Perplexity Sonar API Developer Guide: Build AI Search into Your Applications

What Is the Perplexity Sonar API and Why Developers Need It

The Perplexity Sonar API provides AI-powered web search with citations through a simple API call. Unlike traditional search APIs that return a list of links, Sonar returns synthesized answers grounded in real-time web sources — complete with inline citations you can verify.

For developers, this solves a common problem: building search or research features that provide answers, not just links. A customer support chatbot can answer questions with cited sources. A research tool can synthesize information from multiple web pages. A content application can fact-check claims against live web data.

The API follows the OpenAI chat completions format, making integration straightforward for anyone familiar with LLM APIs. The key difference is that Sonar searches the web in real time and includes source URLs in every response.

Getting Started

API Key Setup

Create an account at perplexity.ai
Navigate to API Settings
Generate an API key
Store the key securely (environment variable, secrets manager)

Your First API Call

import requests

API_KEY = "your-perplexity-api-key"

response = requests.post(
    "https://api.perplexity.ai/chat/completions",
    headers={
        "Authorization": f"Bearer {API_KEY}",
        "Content-Type": "application/json"
    },
    json={
        "model": "sonar",
        "messages": [
            {
                "role": "system",
                "content": "You are a helpful research assistant. Provide concise, well-cited answers."
            },
            {
                "role": "user",
                "content": "What are the latest trends in AI code generation tools in 2026?"
            }
        ]
    }
)

data = response.json()
print(data["choices"][0]["message"]["content"])
print("\nSources:")
for citation in data.get("citations", []):
    print(f"  - {citation}")

Response Structure

{
  "id": "chatcmpl-abc123",
  "model": "sonar",
  "choices": [
    {
      "message": {
        "role": "assistant",
        "content": "AI code generation has evolved significantly in 2026... [1][2][3]"
      },
      "finish_reason": "stop"
    }
  ],
  "citations": [
    "https://example.com/ai-code-tools-2026",
    "https://example.com/developer-survey-results",
    "https://example.com/github-copilot-vs-cursor"
  ],
  "usage": {
    "prompt_tokens": 45,
    "completion_tokens": 312,
    "total_tokens": 357
  }
}

The citations array contains URLs that correspond to the [1][2][3] markers in the response text.
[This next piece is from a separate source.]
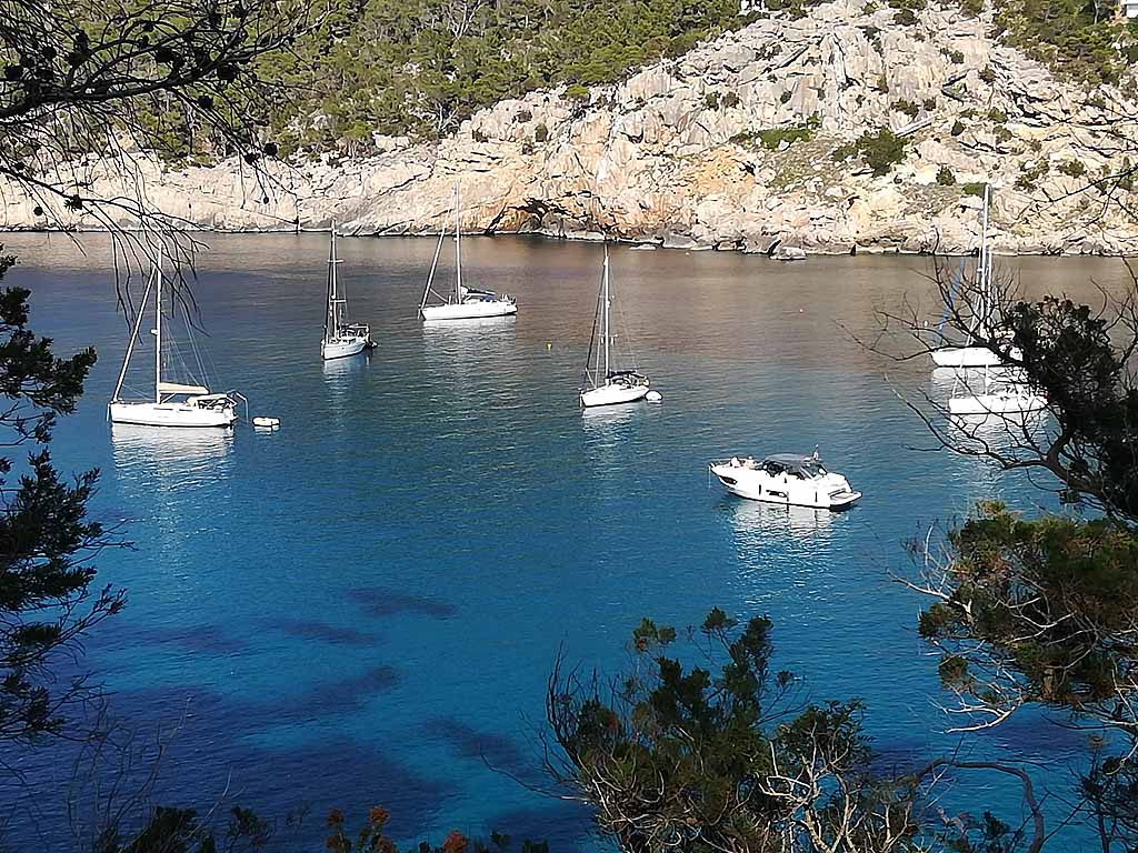 Dimanche 9 juin : Nous levons l’ancre vers 9 heures. Après une petite navigation tout à la voile nous voici à la luxueuse Cala Bassa. Pour ceux d’entres nous qui ne sont jamais venus c’est surprenant. Ici tout est luxe et frime.
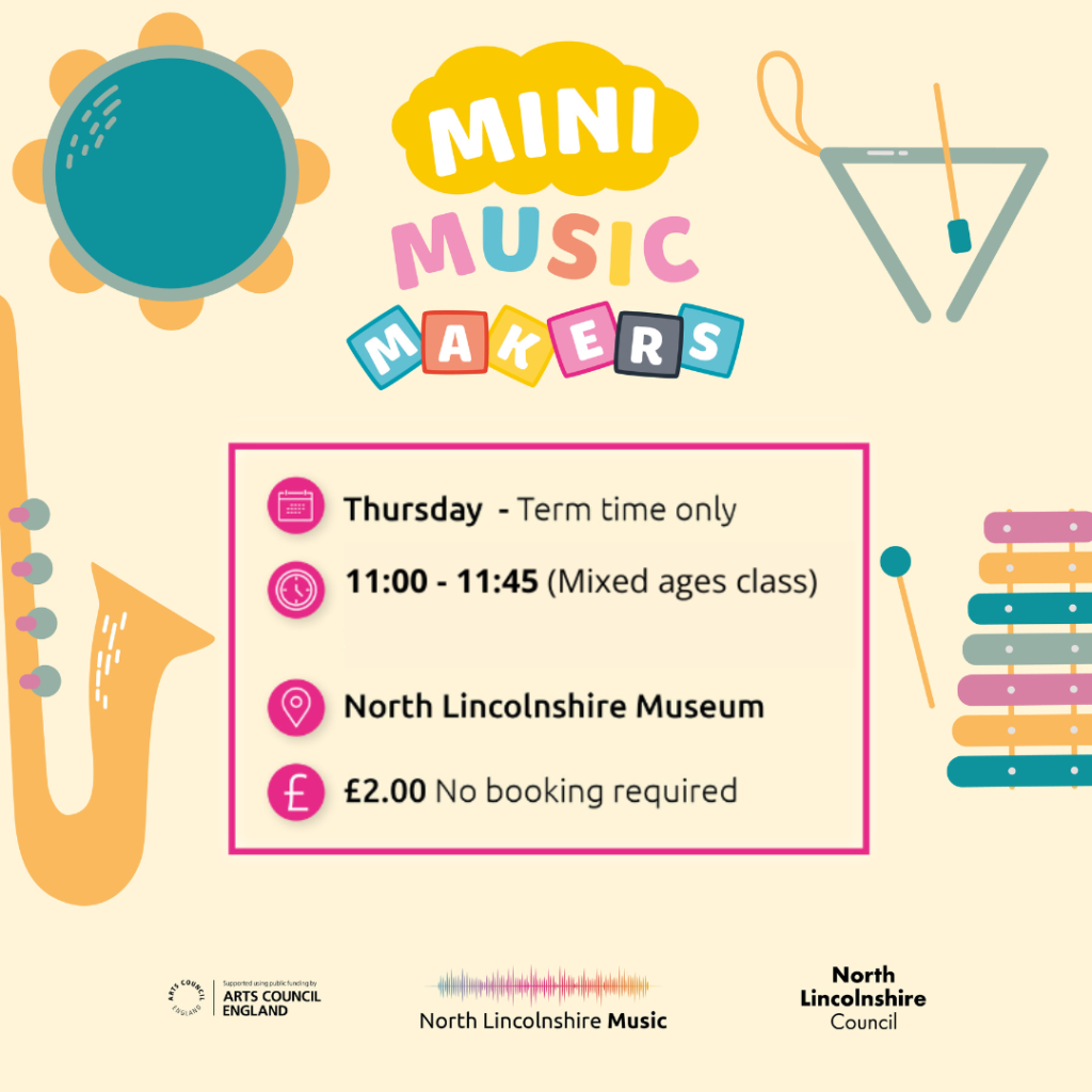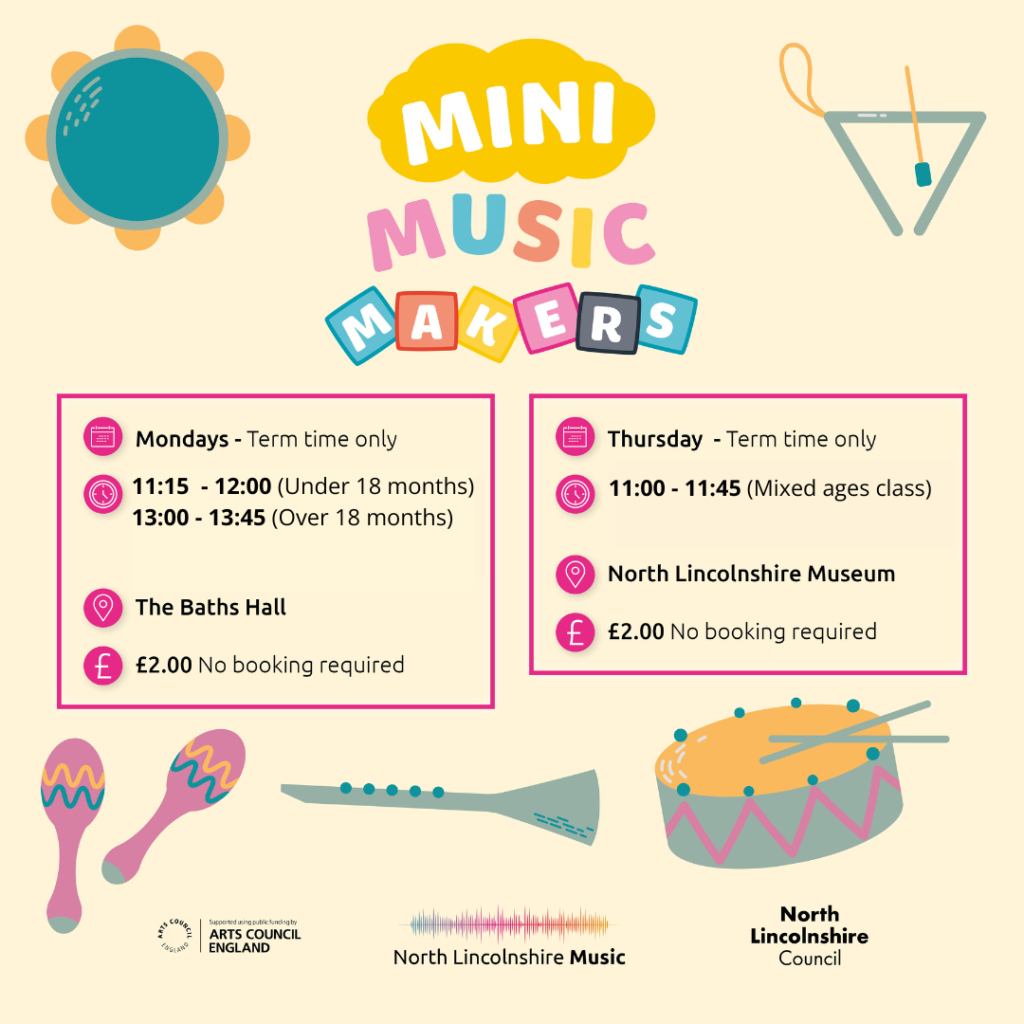 Mini Music Makers Explore sounds, instruments and voices through activities games and songs! Join North Lincolnshire Music every Thursday during term time. From now on it’s one class at 11am. Come on a musical adventure… a new theme every week! No need to prebook, just turn up and pay at reception. £2 admits a child and their parent/guardian. Numbers are limited to 24 in total, so don’t be late.

Choosing the Right Sonar Model

Model	Speed	Depth	Cost	Best For
sonar	Fast (2-5s)	Standard	$	Quick answers, chatbots, autocomplete
sonar-pro	Medium (5-15s)	Deep	$$	Research, detailed analysis, comparisons
sonar-deep-research	Slow (30-120s)	Comprehensive	$$$	Due diligence, market research, academic

Model Selection Logic

def choose_model(query_type):
    if query_type == "quick_answer":
        return "sonar"  # Fast, cheap, good for simple questions
    elif query_type == "research":
        return "sonar-pro"  # Balanced depth and speed
    elif query_type == "deep_analysis":
        return "sonar-deep-research"  # Maximum depth, accepts latency
    else:
        return "sonar"  # Default to fast model

Advanced API Features

Streaming Responses

For real-time display (like ChatGPT’s typing effect):

response = requests.post(
    "https://api.perplexity.ai/chat/completions",
    headers={
        "Authorization": f"Bearer {API_KEY}",
        "Content-Type": "application/json"
    },
    json={
        "model": "sonar",
        "messages": messages,
        "stream": True
    },
    stream=True
)

for line in response.iter_lines():
    if line:
        chunk = json.loads(line.decode("utf-8").removeprefix("data: "))
        if chunk["choices"][0].get("delta", {}).get("content"):
            print(chunk["choices"][0]["delta"]["content"], end="", flush=True)

Search Domain Filtering

Restrict search to specific domains:

{
    "model": "sonar",
    "messages": [...],
    "search_domain_filter": ["arxiv.org", "nature.com", "science.org"],
    "search_recency_filter": "week"
}

This is powerful for:

Academic research: limit to .edu and journal domains
News monitoring: limit to news outlets
Technical documentation: limit to official docs sites

Recency Filtering

Control how recent sources must be:

{
    "search_recency_filter": "day"    // Last 24 hours
    "search_recency_filter": "week"   // Last 7 days
    "search_recency_filter": "month"  // Last 30 days
    "search_recency_filter": "year"   // Last 12 months
}

Essential for news, market data, and any time-sensitive research.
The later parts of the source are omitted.